_Task data_
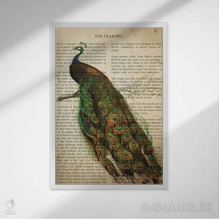 تابلو چاپ وینتیج طاووس اثر پیکسل کهنه (استودیو/نام هنری) - نمای پرسپکتیو محصول
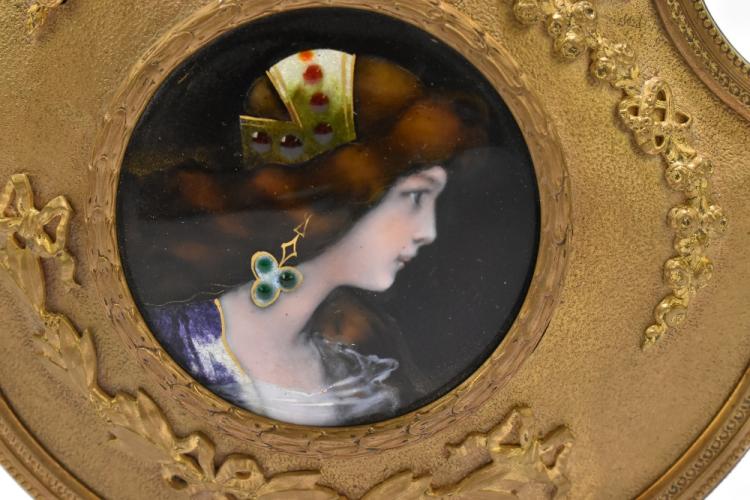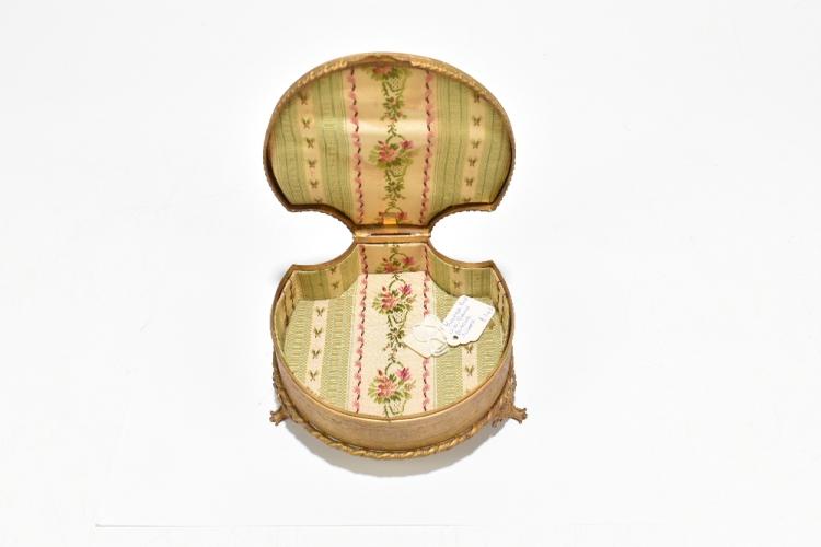 Lot 1565 of 2131: LIMOGES; a shaped gilt metal trinket box, the hinged lid centred with a circular jewelled enamel plaque painted with the head and shoulders profile portrait of a young woman with swag adorned decoration to the lid and raised on three pierced scrolling supports, width 15cm.
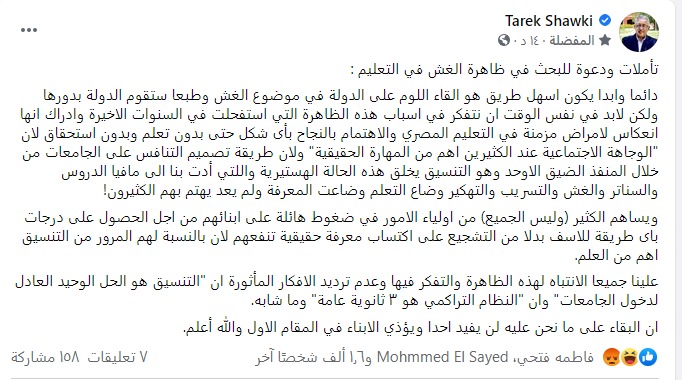 وأضاف شوقي في منشور على موقع التواصل الاجتماعي “فيس بوك” أن “الوجاهة الاجتماعية عند الكثيرين أهم من المهارة الحقيقية ولأن طريقة تصميم التنافس على الجامعات من خلال المنفذ الضيق الأوحد وهو التنسيق يخلق هذه الحالة الهستيرية والتي أدت بنا إلى مافيا الدروس والسناتر والغش والتسريب والتهكير، وضاع التعلم وضاعت المعرفة ولم يعد يهتم بهم الكثيرون”.
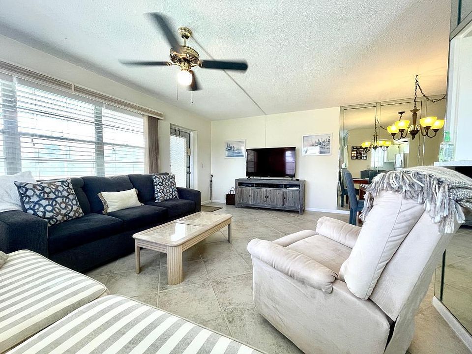 Bright & cheerful second floor CORNER 1/1.5 unit in a pet friendly building. Neutral tile floors, set on the diagonal, throughout the home. New AC. Lovely updated enclosed lanai with tile floors. Bedroom suite with full en-suite bath, wall of closets, and access to the lanai. Sold furnished. Building offers a nicely landscaped patio area for residents and is pet friendly (one small dog allowed - 15 lbs. or less). Sheffield H is tucked away yet close to the Hastings Fitness Center & Pool as well as the main Clubhouse. Century Village is a 55+ community with
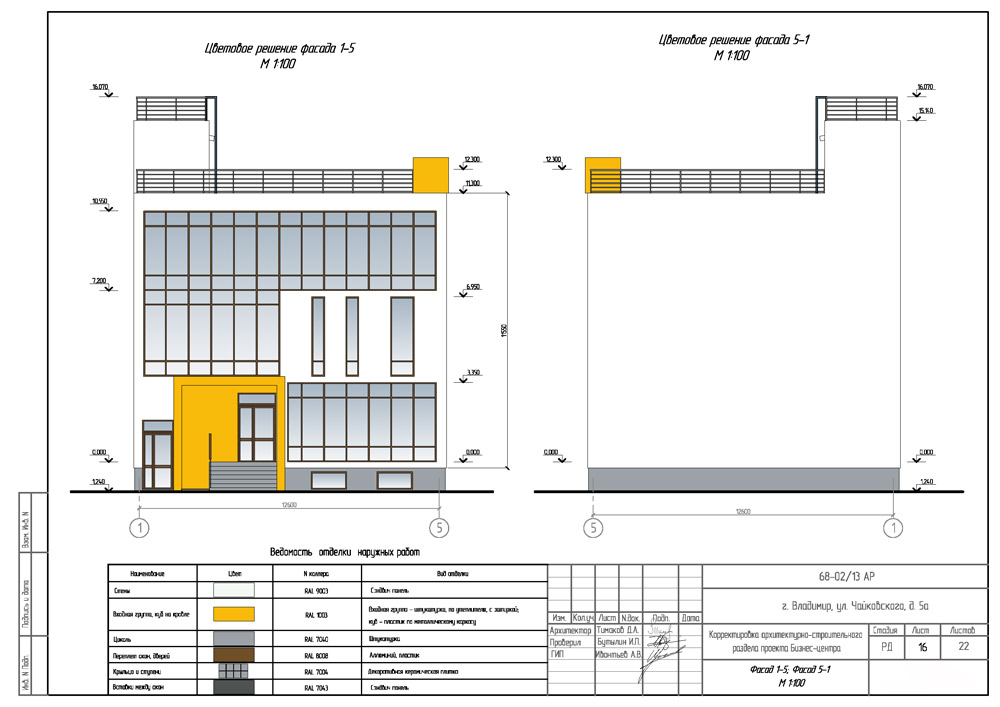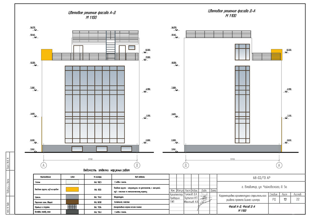 Архитектурными акцентами являются - входная группа и декоративный куб на кровле. Большие площади остекления и применяемое стекло с высокой отражательной способностью позволяет еще лучше вписываться зданию в окружающую среду, здание целостное и традиционное в градостроительном смысле.
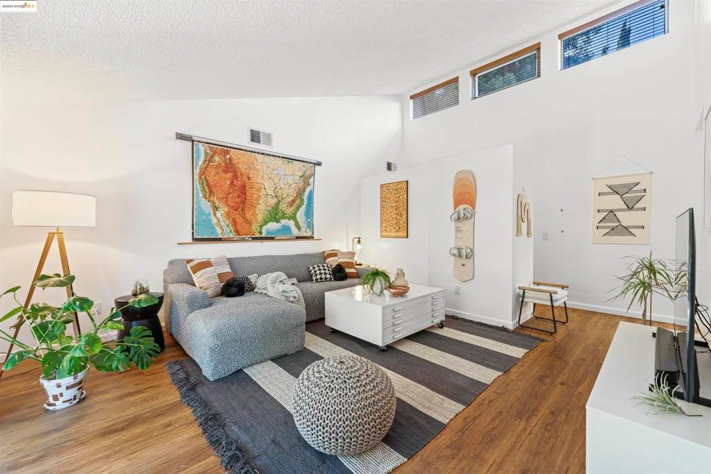 Tucked on a quiet cul-de-sac, this bright single-level 3 bed 2 bath home features 14’ vaulted ceilings, a remodeled kitchen and baths, new flooring, fresh paint, and modern fixtures. The converted garage adds a bonus space to be used as a family room, huge home office, or kids playroom that also has a workshop attached which also houses the in-unit laundry. Enjoy the outdoors in a private yard with pergolas, towering redwoods, and extra grassy space. The community includes pools, playgrounds, BBQs, and direct Santa Rosa Creek Trail access. Low HOA dues and easy highway access. OPEN HOUSE 1-3pm 09/21!!
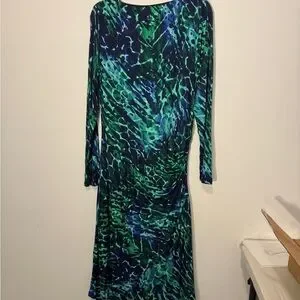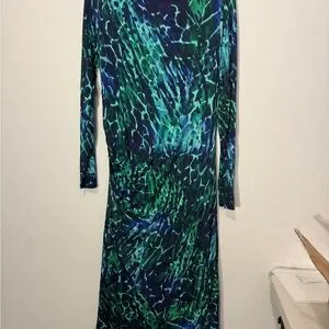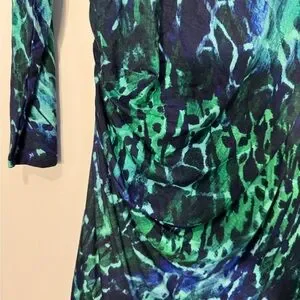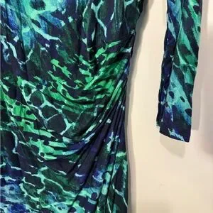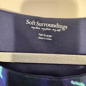 Soft Surroundings Darcy Patterned Long Sleeve Dress Size Tall XL Green Blue
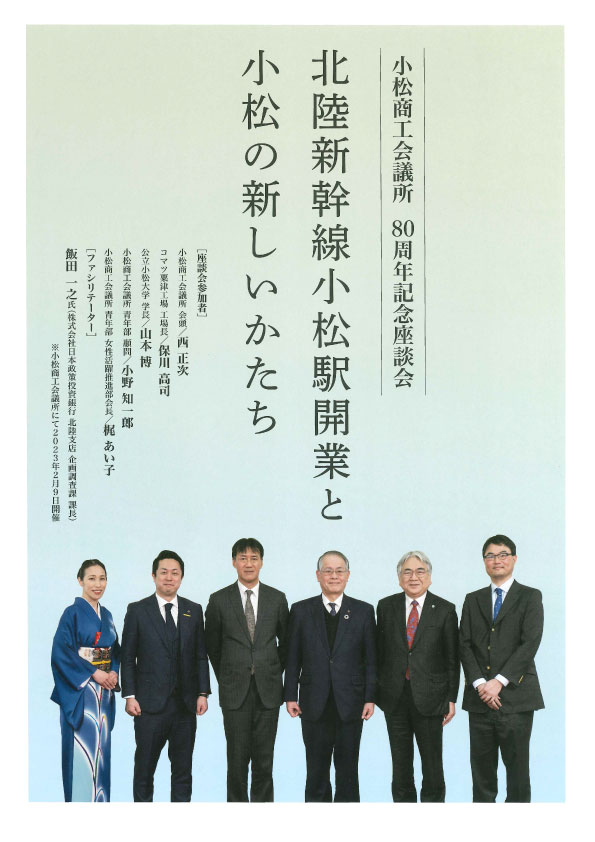 2/9(木)小松商工会議所創立80周年を記念して開催されました座談会「北陸新幹線小松駅開業と小松の新しいかたち」に、やまとグループ株式会社 代表の小野知一郎が参加させていただきました。
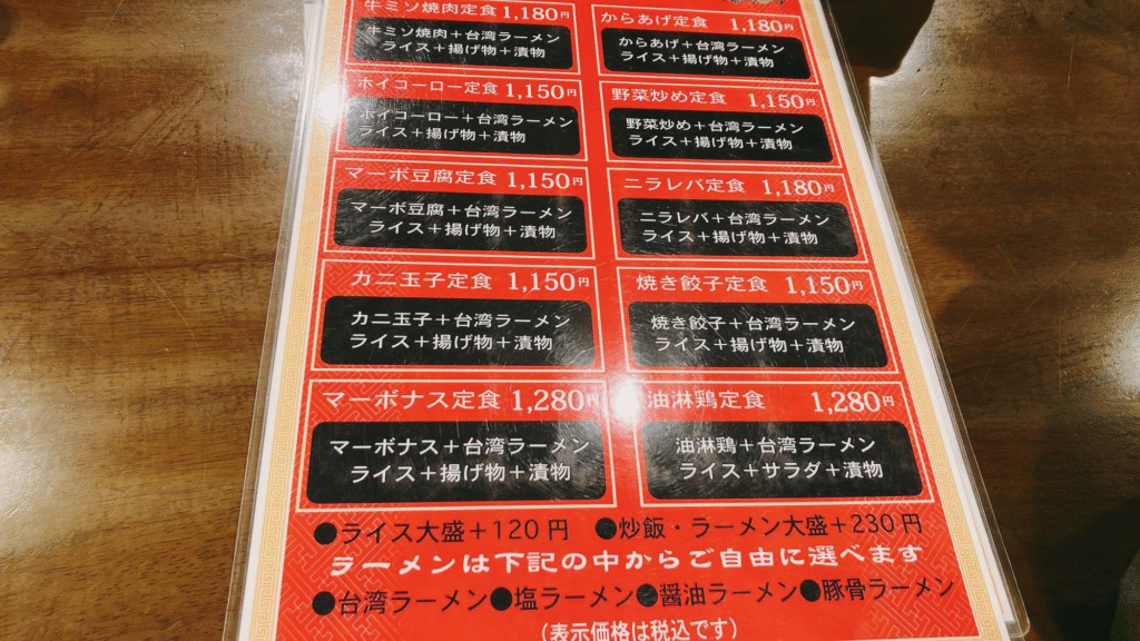 定食メニューは台湾ラーメンのほか、しょうゆ、塩、豚骨ラーメンに変更することも可能です。
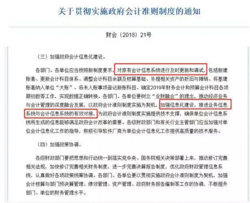 2018年8月財(cái)政部發(fā)布《關(guān)于貫徹實(shí)施政府會(huì)計(jì)準(zhǔn)則制度的通知》中指出,各部門(mén)、各單位需要“按照新制度要求,對(duì)原有會(huì)計(jì)信息系統(tǒng)進(jìn)行及時(shí)更新和調(diào)試”,“加強(qiáng)信息化建設(shè),推進(jìn)業(yè)務(wù)信息系統(tǒng)與會(huì)計(jì)信息系統(tǒng)的有效對(duì)接,為政府會(huì)計(jì)準(zhǔn)則制度實(shí)施提供技術(shù)支撐,確保單位會(huì)計(jì)信息系統(tǒng)所生成的信息能夠滿足政府會(huì)計(jì)改革的需要”。

_To do_
Reproduce the material word for word, minus the images.

_Task answer_
 تابلو چاپ وینتیج طاووس اثر پیکسل کهنه (استودیو/نام هنری) - نمای پرسپکتیو محصول
 Lot 1565 of 2131: LIMOGES; a shaped gilt metal trinket box, the hinged lid centred with a circular jewelled enamel plaque painted with the head and shoulders profile portrait of a young woman with swag adorned decoration to the lid and raised on three pierced scrolling supports, width 15cm.
 وأضاف شوقي في منشور على موقع التواصل الاجتماعي “فيس بوك” أن “الوجاهة الاجتماعية عند الكثيرين أهم من المهارة الحقيقية ولأن طريقة تصميم التنافس على الجامعات من خلال المنفذ الضيق الأوحد وهو التنسيق يخلق هذه الحالة الهستيرية والتي أدت بنا إلى مافيا الدروس والسناتر والغش والتسريب والتهكير، وضاع التعلم وضاعت المعرفة ولم يعد يهتم بهم الكثيرون”.
 Bright & cheerful second floor CORNER 1/1.5 unit in a pet friendly building. Neutral tile floors, set on the diagonal, throughout the home. New AC. Lovely updated enclosed lanai with tile floors. Bedroom suite with full en-suite bath, wall of closets, and access to the lanai. Sold furnished. Building offers a nicely landscaped patio area for residents and is pet friendly (one small dog allowed - 15 lbs. or less). Sheffield H is tucked away yet close to the Hastings Fitness Center & Pool as well as the main Clubhouse. Century Village is a 55+ community with
 Архитектурными акцентами являются - входная группа и декоративный куб на кровле. Большие площади остекления и применяемое стекло с высокой отражательной способностью позволяет еще лучше вписываться зданию в окружающую среду, здание целостное и традиционное в градостроительном смысле.
 Tucked on a quiet cul-de-sac, this bright single-level 3 bed 2 bath home features 14’ vaulted ceilings, a remodeled kitchen and baths, new flooring, fresh paint, and modern fixtures. The converted garage adds a bonus space to be used as a family room, huge home office, or kids playroom that also has a workshop attached which also houses the in-unit laundry. Enjoy the outdoors in a private yard with pergolas, towering redwoods, and extra grassy space. The community includes pools, playgrounds, BBQs, and direct Santa Rosa Creek Trail access. Low HOA dues and easy highway access. OPEN HOUSE 1-3pm 09/21!!
 Soft Surroundings Darcy Patterned Long Sleeve Dress Size Tall XL Green Blue
 2/9(木)小松商工会議所創立80周年を記念して開催されました座談会「北陸新幹線小松駅開業と小松の新しいかたち」に、やまとグループ株式会社 代表の小野知一郎が参加させていただきました。
 定食メニューは台湾ラーメンのほか、しょうゆ、塩、豚骨ラーメンに変更することも可能です。
 2018年8月財(cái)政部發(fā)布《關(guān)于貫徹實(shí)施政府會(huì)計(jì)準(zhǔn)則制度的通知》中指出,各部門(mén)、各單位需要“按照新制度要求,對(duì)原有會(huì)計(jì)信息系統(tǒng)進(jìn)行及時(shí)更新和調(diào)試”,“加強(qiáng)信息化建設(shè),推進(jìn)業(yè)務(wù)信息系統(tǒng)與會(huì)計(jì)信息系統(tǒng)的有效對(duì)接,為政府會(huì)計(jì)準(zhǔn)則制度實(shí)施提供技術(shù)支撐,確保單位會(huì)計(jì)信息系統(tǒng)所生成的信息能夠滿足政府會(huì)計(jì)改革的需要”。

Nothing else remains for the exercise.